Aber ein ausgefülltes Profil ist wichtig, damit man dir überhaupt was raten kann.
Ich kann Ma und Undine nur beipflichten.
Es sind übrigens deine Werte, du hast Anspruch auf Herausgabe.
Ich bekomme sie immer automatisch ausgedruckt.
Und du musst dich auch selbst kümmern - da stimme ich besonders Undine sehr zu.
Es gibt verschiedene Arten, mit der Erkrankung umzugehen.
Es gibt viele Mitpatienten, die sich gar nicht mit der Erkrankung auseinandersetzen wollen ( mein
Lieblingsbeispiel ist da der nette Mann aus unserer Selbsthilfegruppe, der immer dann, wenn man ihn
zu seiner Erkrankung was fragt, sagt :"Das weiß ich nicht. Frag meine Frau, die weiß Bescheid").
Eine Freundin von mir starb vor zwei Wochen an Lungenkrebs - mitten in der Chemo und ohne, dass ihr jemals
bewusst gewesen war, wie schlecht es um sie stand. Sie starb, ohne sich dessen bewusst zu sein und hat mit ihrem Tod
sicher nicht gerechnet und ist wahrscheinlich sehr erstaunt gewesen, im Himmel aufzuwachen.
Kann man so machen...
Andere MMler sind zunächst sehr gutgläubig und kümmern sich nicht, solange es ihnen gut geht und alles gut läuft.

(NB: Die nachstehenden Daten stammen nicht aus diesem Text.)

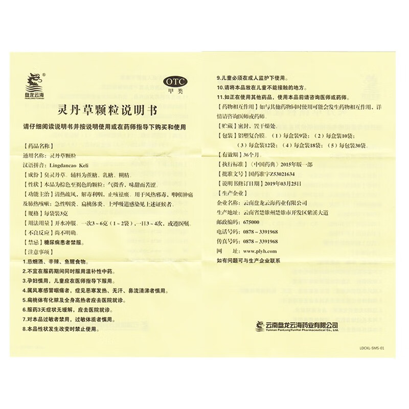 【当日发货】盘龙云海 灵丹草颗粒 3g*12袋/盒 清热疏风 解毒利咽 止咳祛痰 3盒装

Und wenn es dann nicht mehr so gut läuft ( wie bei dir ?), dann fangen sie an, sich mit der Erkrankung zu beschäftigen.
Und wechseln dann nicht selten den Behandler.
Was du da beschreibst, sind massive Beschwerden.
Und die kommen in der Regel nicht von der Psyche.
Mich erinnert das an einen inzwischen verstorbenen Mitpatienten aus der örtlichen Selbsthilfegruppe, bei dem angeblich auch immer
"alles bestens" war. Mehr wusste er aber auch nicht. Nach einer Routinekontrolle, bei der alle Werte wieder "bestens" waren, sprach er den
Onkologen auf massive Rückenschmwerzen an und dieser wurde auf der Stelle ganz besorgt und ordnete sofort ein CT an.
Da wurden dann Läsionen entdeckt und der Patient war wieder behandlungsbedürftig. Da können die Blutwerte unmöglich "bestens" im Sinne von Krankheitsstillstand gewesen sein.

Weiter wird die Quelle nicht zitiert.